Travaglio aggiunge: “Lo scrisse Padellaro quando siamo nati: la nostra linea politica è la Costituzione. Quindi, io, che dopo Padellaro sono il direttore del quotidiano, sono vincolato, perché l’art. 11 della Costituzione dice che non si risolvono le controversie internazionali con le guerre e non si mandano le armi a Paesi non alleati. Non potevo non prendere una linea contraria all’invio delle armi. Certo, mi dispiace nella stessa misura in cui mi dispiace non mandare le armi ai curdi attaccati dai turchi o agli yemeniti bombardati con le nostre armi dall’Arabia Saudita”.

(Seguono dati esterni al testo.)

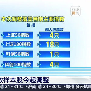 近日,沪深交易所和中证指数有限公司纷纷发布重要指数样本股调整公告,包括深证成指、创业板指、上证50、上证180、沪深300、中证500等指数样本股都将进行调整,今天(6月16日)起正式实施。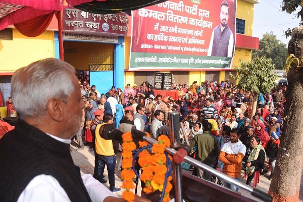 हजारों महिलाओं, वृद्धों एवं जरूरतमंदों को कम्बल और कैलेण्डर बांटे गए। कम्बल वितरण कार्य का शुभारम्भ राजेन्द्र चौधरी द्वारा गया गया। इस कार्यक्रम का आयोजन एडवोकेट धीरज यादव एवं पंकज यादव द्वारा किया गया।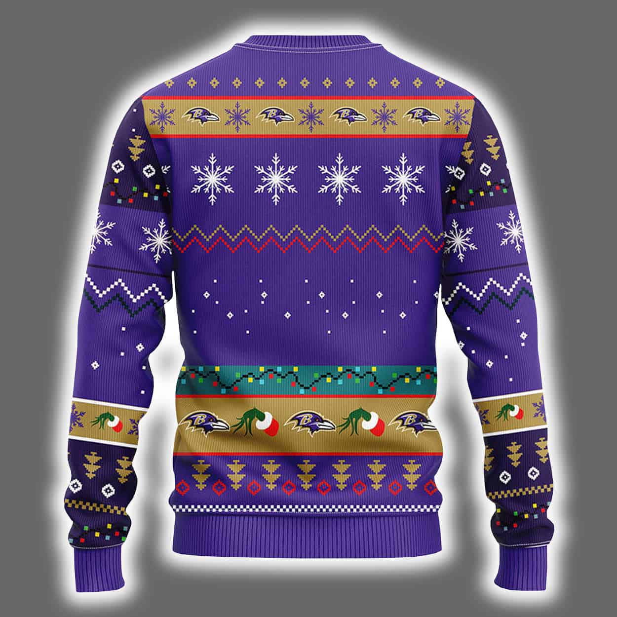 Why blend in when you can stand out? Make spirits bright—and a little wild—with the Ravens Grnch Hand Ugly Christmas Sweater. Grab yours now and let the Grinch lead your holiday parade!

Il direttore del Fatto chiosa: “Sempre nella Costituzione c’è l’art. 21 che stabilisce che c’è la libertà di espressione. Quindi, nel mio giornale ho ospitato articoli sia favorevoli, sia contrari all’invio delle armi in Ucraina. Naturalmente non è colpa mia se la maggior parte dei miei collaboratori è contraria all’invio delle armi perché è affezionata alla Costituzione – conclude – Ma io ho sempre dato voce a tutti liberamente. Certo, non posso accettare che mi si chieda di cacciare qualche collaboratore perché non è d’accordo. Questo non lo farò mai finché sarò direttore. Anzi, finché sarò vivo”.